Information Start Marker

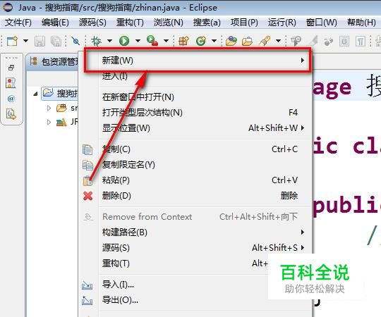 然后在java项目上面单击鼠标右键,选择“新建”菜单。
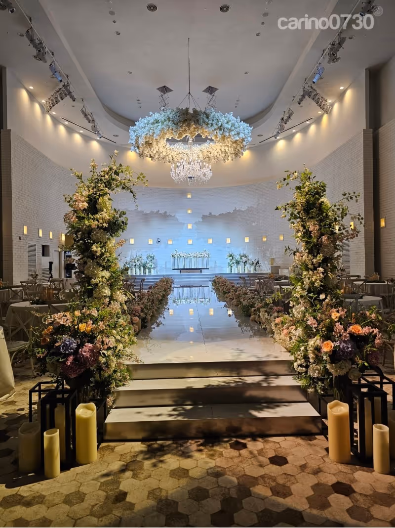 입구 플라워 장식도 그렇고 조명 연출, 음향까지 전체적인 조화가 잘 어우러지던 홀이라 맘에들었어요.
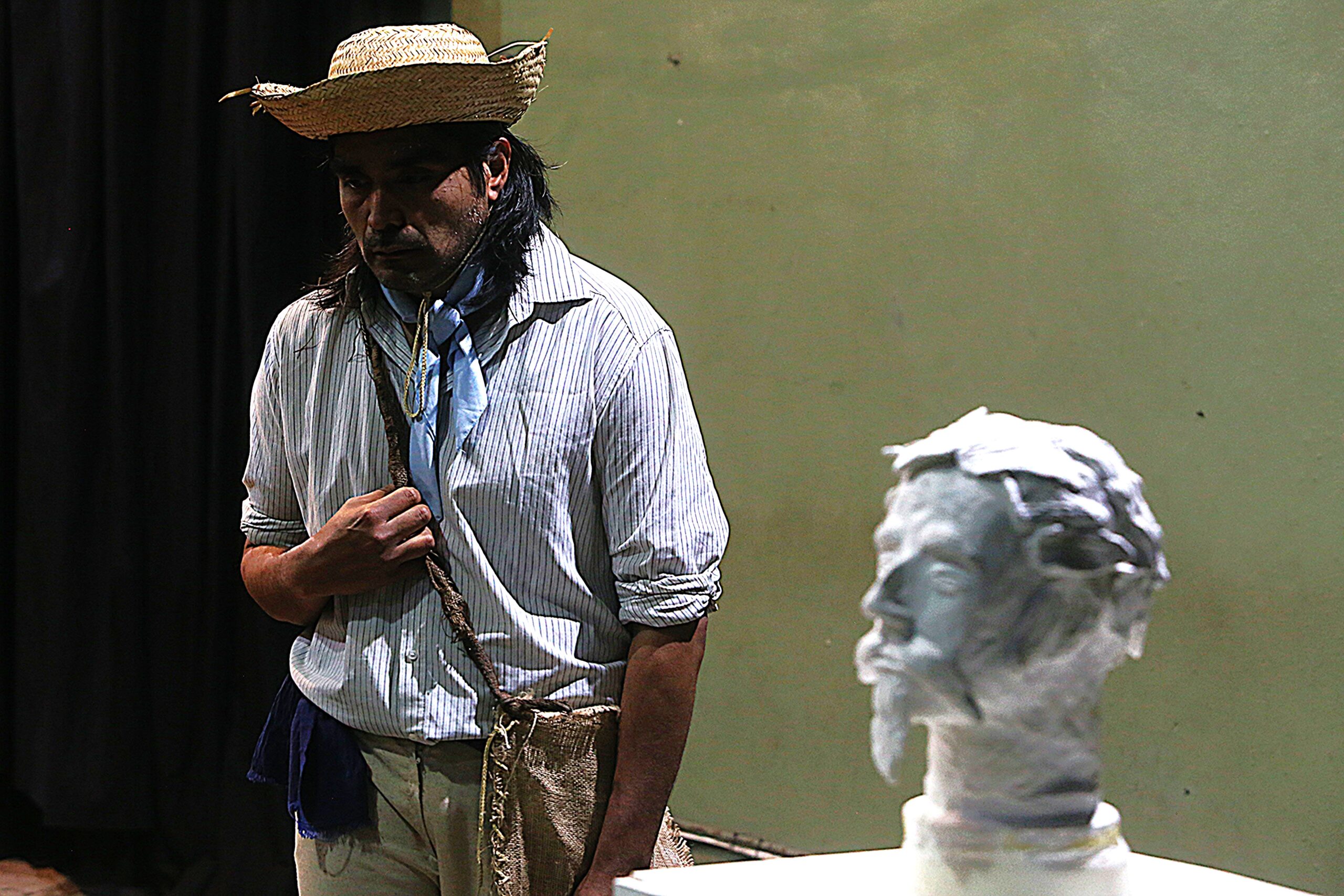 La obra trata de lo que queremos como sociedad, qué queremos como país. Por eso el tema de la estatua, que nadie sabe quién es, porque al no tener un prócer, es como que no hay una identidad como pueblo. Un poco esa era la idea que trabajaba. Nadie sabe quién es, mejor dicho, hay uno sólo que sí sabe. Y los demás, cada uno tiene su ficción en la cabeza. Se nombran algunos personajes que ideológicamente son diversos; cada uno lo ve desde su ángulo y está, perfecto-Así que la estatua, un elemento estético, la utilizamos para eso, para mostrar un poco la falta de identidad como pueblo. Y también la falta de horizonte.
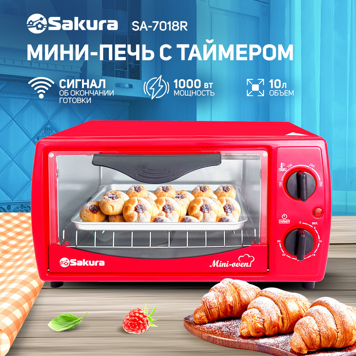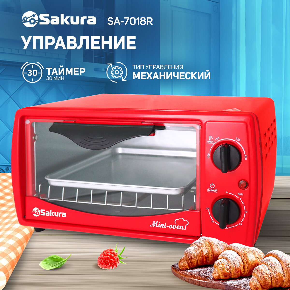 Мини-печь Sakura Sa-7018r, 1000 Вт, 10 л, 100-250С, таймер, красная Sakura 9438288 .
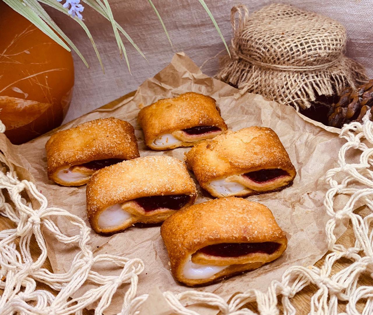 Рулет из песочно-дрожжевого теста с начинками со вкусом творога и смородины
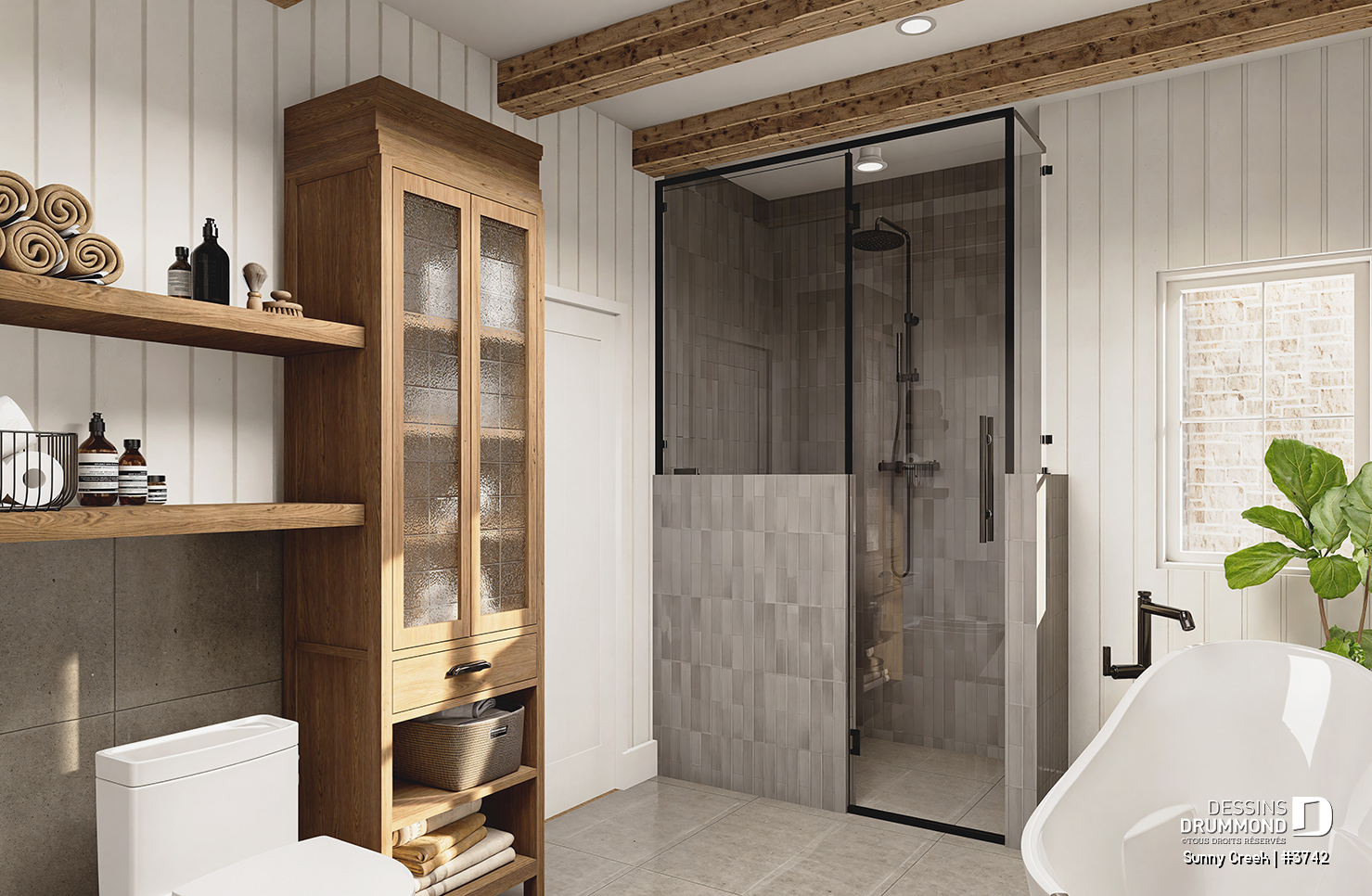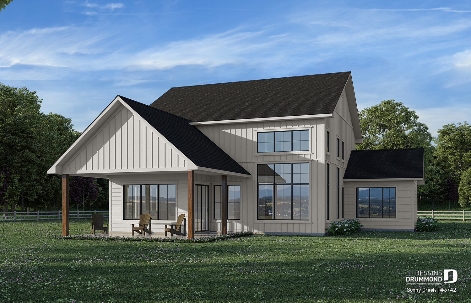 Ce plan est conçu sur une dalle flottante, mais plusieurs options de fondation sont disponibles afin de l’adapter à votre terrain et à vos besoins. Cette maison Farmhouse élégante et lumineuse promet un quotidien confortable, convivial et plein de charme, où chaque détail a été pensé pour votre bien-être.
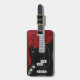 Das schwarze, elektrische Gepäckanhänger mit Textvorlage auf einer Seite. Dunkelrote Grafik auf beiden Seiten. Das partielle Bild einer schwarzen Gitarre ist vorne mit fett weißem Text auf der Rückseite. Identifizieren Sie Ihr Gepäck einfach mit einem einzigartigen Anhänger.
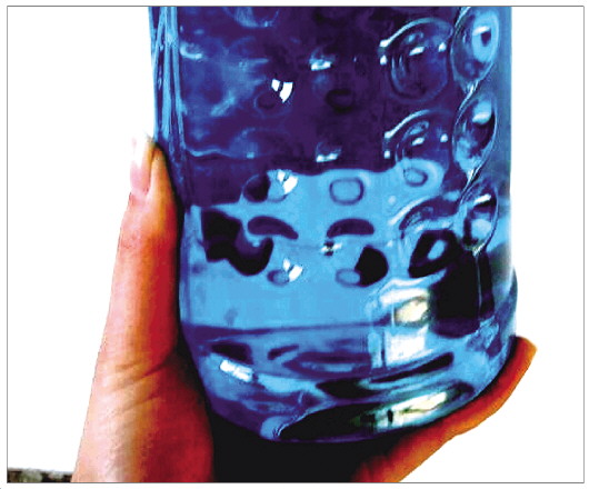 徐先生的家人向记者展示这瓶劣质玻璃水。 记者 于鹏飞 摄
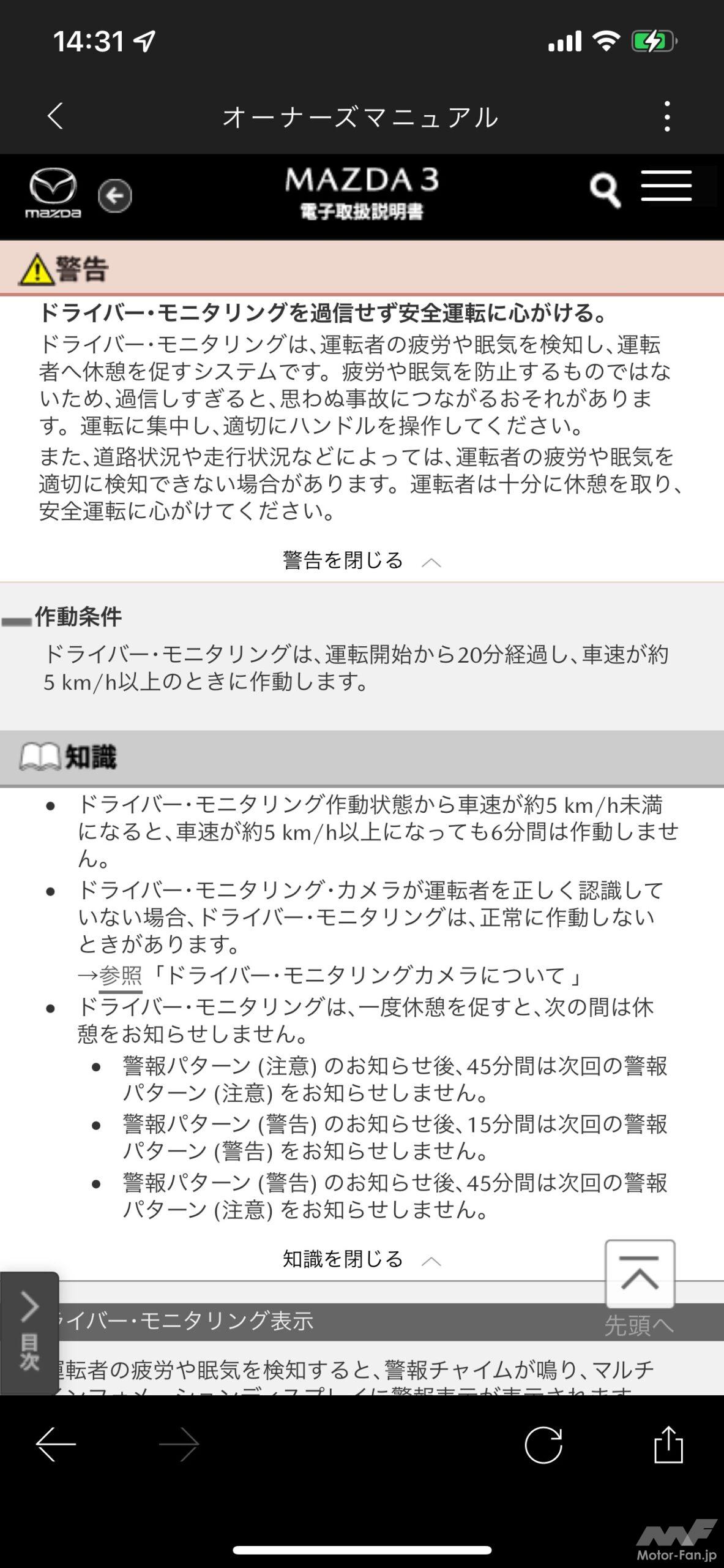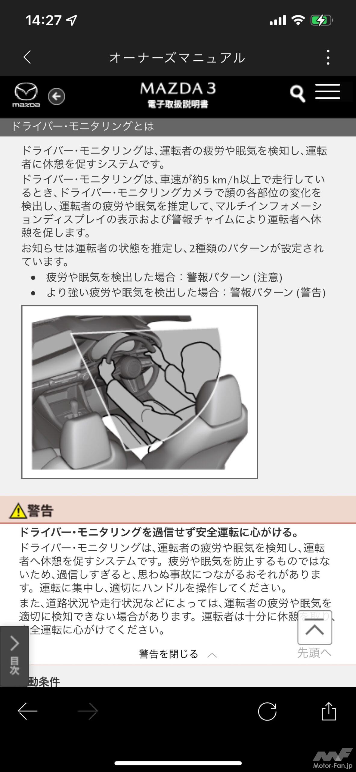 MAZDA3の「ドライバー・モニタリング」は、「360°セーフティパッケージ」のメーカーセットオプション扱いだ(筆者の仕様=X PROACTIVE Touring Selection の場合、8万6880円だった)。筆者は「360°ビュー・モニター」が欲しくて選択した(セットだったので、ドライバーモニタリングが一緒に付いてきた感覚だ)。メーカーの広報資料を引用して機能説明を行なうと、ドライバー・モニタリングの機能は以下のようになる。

Information End Marker

(Task objective) Please set down each line of the data above exactly as written, without the pictures.

(Expected output)
 然后在java项目上面单击鼠标右键,选择“新建”菜单。
 입구 플라워 장식도 그렇고 조명 연출, 음향까지 전체적인 조화가 잘 어우러지던 홀이라 맘에들었어요.
 La obra trata de lo que queremos como sociedad, qué queremos como país. Por eso el tema de la estatua, que nadie sabe quién es, porque al no tener un prócer, es como que no hay una identidad como pueblo. Un poco esa era la idea que trabajaba. Nadie sabe quién es, mejor dicho, hay uno sólo que sí sabe. Y los demás, cada uno tiene su ficción en la cabeza. Se nombran algunos personajes que ideológicamente son diversos; cada uno lo ve desde su ángulo y está, perfecto-Así que la estatua, un elemento estético, la utilizamos para eso, para mostrar un poco la falta de identidad como pueblo. Y también la falta de horizonte.
 Мини-печь Sakura Sa-7018r, 1000 Вт, 10 л, 100-250С, таймер, красная Sakura 9438288 .
 Рулет из песочно-дрожжевого теста с начинками со вкусом творога и смородины
 Ce plan est conçu sur une dalle flottante, mais plusieurs options de fondation sont disponibles afin de l’adapter à votre terrain et à vos besoins. Cette maison Farmhouse élégante et lumineuse promet un quotidien confortable, convivial et plein de charme, où chaque détail a été pensé pour votre bien-être.
 Das schwarze, elektrische Gepäckanhänger mit Textvorlage auf einer Seite. Dunkelrote Grafik auf beiden Seiten. Das partielle Bild einer schwarzen Gitarre ist vorne mit fett weißem Text auf der Rückseite. Identifizieren Sie Ihr Gepäck einfach mit einem einzigartigen Anhänger.
 徐先生的家人向记者展示这瓶劣质玻璃水。 记者 于鹏飞 摄
 MAZDA3の「ドライバー・モニタリング」は、「360°セーフティパッケージ」のメーカーセットオプション扱いだ(筆者の仕様=X PROACTIVE Touring Selection の場合、8万6880円だった)。筆者は「360°ビュー・モニター」が欲しくて選択した(セットだったので、ドライバーモニタリングが一緒に付いてきた感覚だ)。メーカーの広報資料を引用して機能説明を行なうと、ドライバー・モニタリングの機能は以下のようになる。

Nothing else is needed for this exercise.